Lo + adjective in Spanish is a really useful way to say “the …. thing”. This is a very typical Spanish way of speaking, making you sound more like a native speaker. Also, if you are studying for GCSE, A2 or A-level Spanish if you can use this type of more difficult structure, you will gain higher marks.
Here are some examples of ways to use this expression:
Lo importante es que …: The important thing is that …
Lo bueno es que …: The good thing is that …
Lo malo es que …: The bad thing is that …
Lo mejor de mi ciudad es que …: The best thing about my city is that …
Lo peor del hotel era que …: The worst thing about the hotel was that …

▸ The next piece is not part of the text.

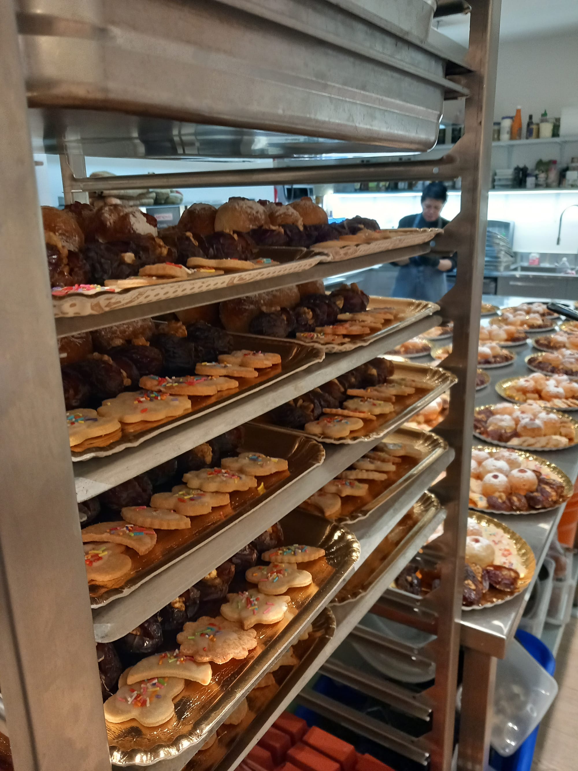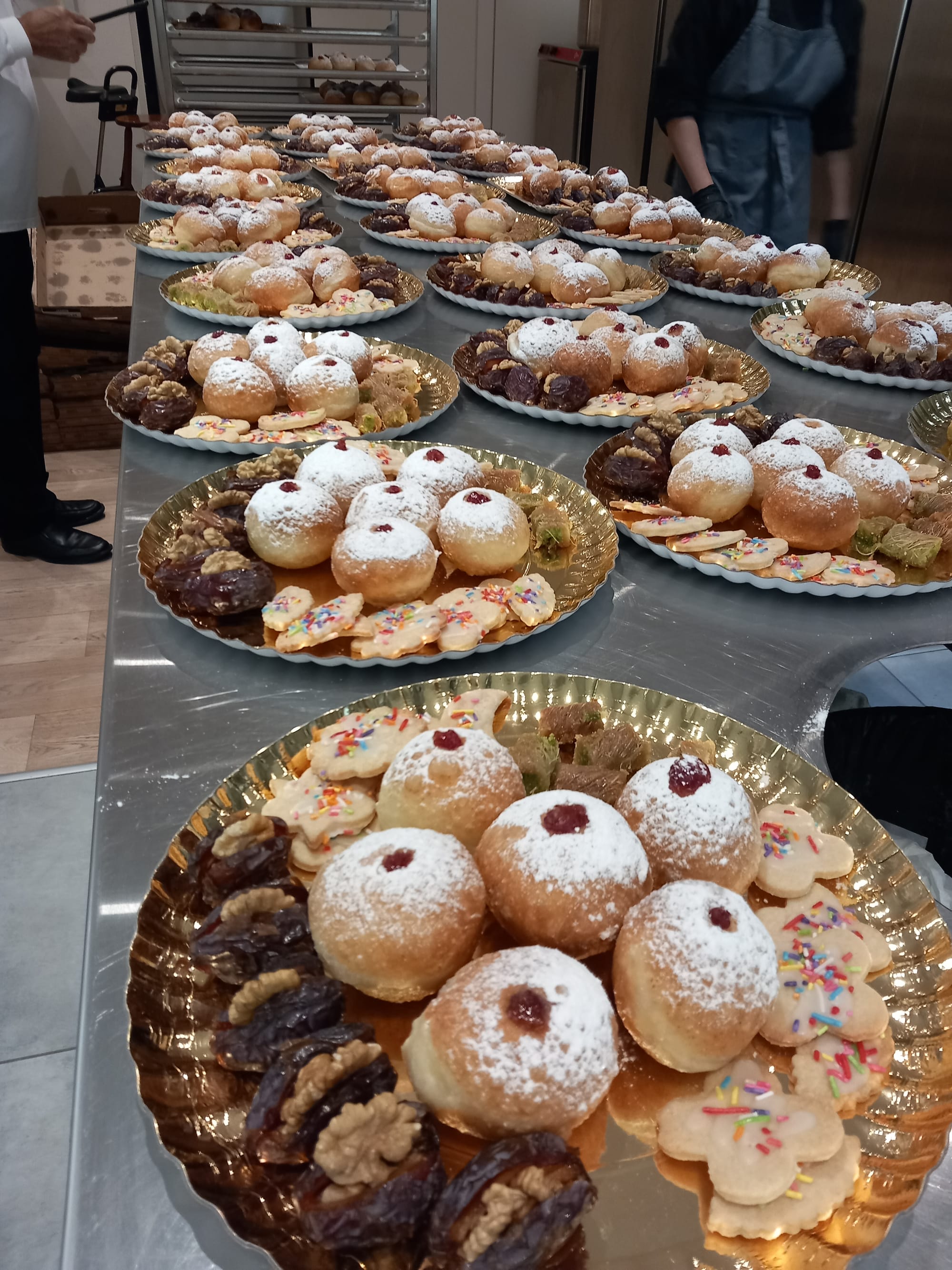 Israel becomes the land of deep-fried foods during Chanukah: latkes (a grated potato, carrot and onion patty) are the symbolic savory food and sufganiyah, a deep fried doughnut filled with jam and dusted with icing sugar, is the symbolic sweet.

When “lo + adjective” is followed by “que” this puts added emphasis on the adjective:
El libro demuestra lo duro que era la vida durante aquella época.
The books shows how hard life was at that time.
Yo pensaba en lo útil que es este programa.
I was thinking how useful this program is.
Note how in the first sentence the adjective “duro” is in the masculine form even though it is referring to a feminine noun “la vida”. This is because “lo duro” actually means “the hard thing”, therefore this is a phrase with no gender.
However, it is also common in Spanish to make the adjective after “lo” agree with what it is referring to, but still keeping “lo” rather than “la” or “los” / “las”.
No podíamos creer lo guapa que ella estaba aquel día.
Nobody could believe how pretty she looked that day.
No entienden lo útiles que son estos libros.
They don’t understand how useful these books are.
Recuerdo lo tontos que éramos entonces.
I remember how silly we were then.
No puedo creer lo baratas que son las bebidas en este bar.
I can’t believe how cheap the drinks are in this bar.